**Provided records**
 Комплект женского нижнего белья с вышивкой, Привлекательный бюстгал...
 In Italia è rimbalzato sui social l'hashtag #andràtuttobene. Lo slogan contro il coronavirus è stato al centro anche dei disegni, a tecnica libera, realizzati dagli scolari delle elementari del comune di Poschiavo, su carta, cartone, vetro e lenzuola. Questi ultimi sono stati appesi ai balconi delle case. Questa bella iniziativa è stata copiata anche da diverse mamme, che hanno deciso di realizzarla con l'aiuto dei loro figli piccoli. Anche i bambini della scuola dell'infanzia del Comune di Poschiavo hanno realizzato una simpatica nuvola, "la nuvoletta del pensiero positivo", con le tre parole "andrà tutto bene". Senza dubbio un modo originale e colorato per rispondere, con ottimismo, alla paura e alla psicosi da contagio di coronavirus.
--
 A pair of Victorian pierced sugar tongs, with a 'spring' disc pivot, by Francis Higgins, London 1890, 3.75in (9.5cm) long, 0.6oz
...
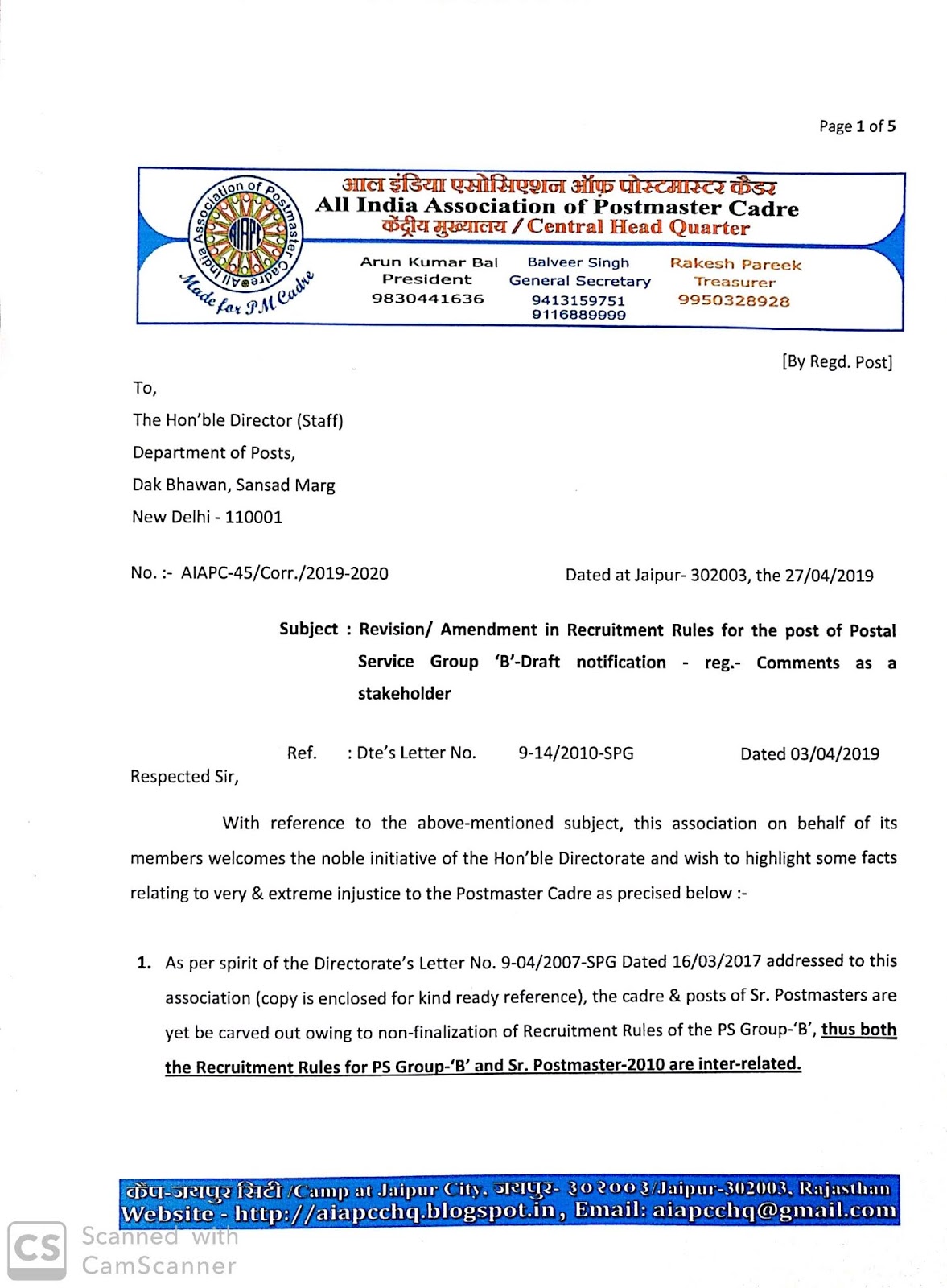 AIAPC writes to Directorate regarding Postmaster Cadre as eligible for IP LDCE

**Required action**
Go to the line in the material above that contains "Комплект женского нижнего" and copy exactly from there through the line that contains "In Italia è", stopping after it.

**Solution for this task**
 Комплект женского нижнего белья с вышивкой, Привлекательный бюстгал...
 In Italia è rimbalzato sui social l'hashtag #andràtuttobene. Lo slogan contro il coronavirus è stato al centro anche dei disegni, a tecnica libera, realizzati dagli scolari delle elementari del comune di Poschiavo, su carta, cartone, vetro e lenzuola. Questi ultimi sono stati appesi ai balconi delle case. Questa bella iniziativa è stata copiata anche da diverse mamme, che hanno deciso di realizzarla con l'aiuto dei loro figli piccoli. Anche i bambini della scuola dell'infanzia del Comune di Poschiavo hanno realizzato una simpatica nuvola, "la nuvoletta del pensiero positivo", con le tre parole "andrà tutto bene". Senza dubbio un modo originale e colorato per rispondere, con ottimismo, alla paura e alla psicosi da contagio di coronavirus.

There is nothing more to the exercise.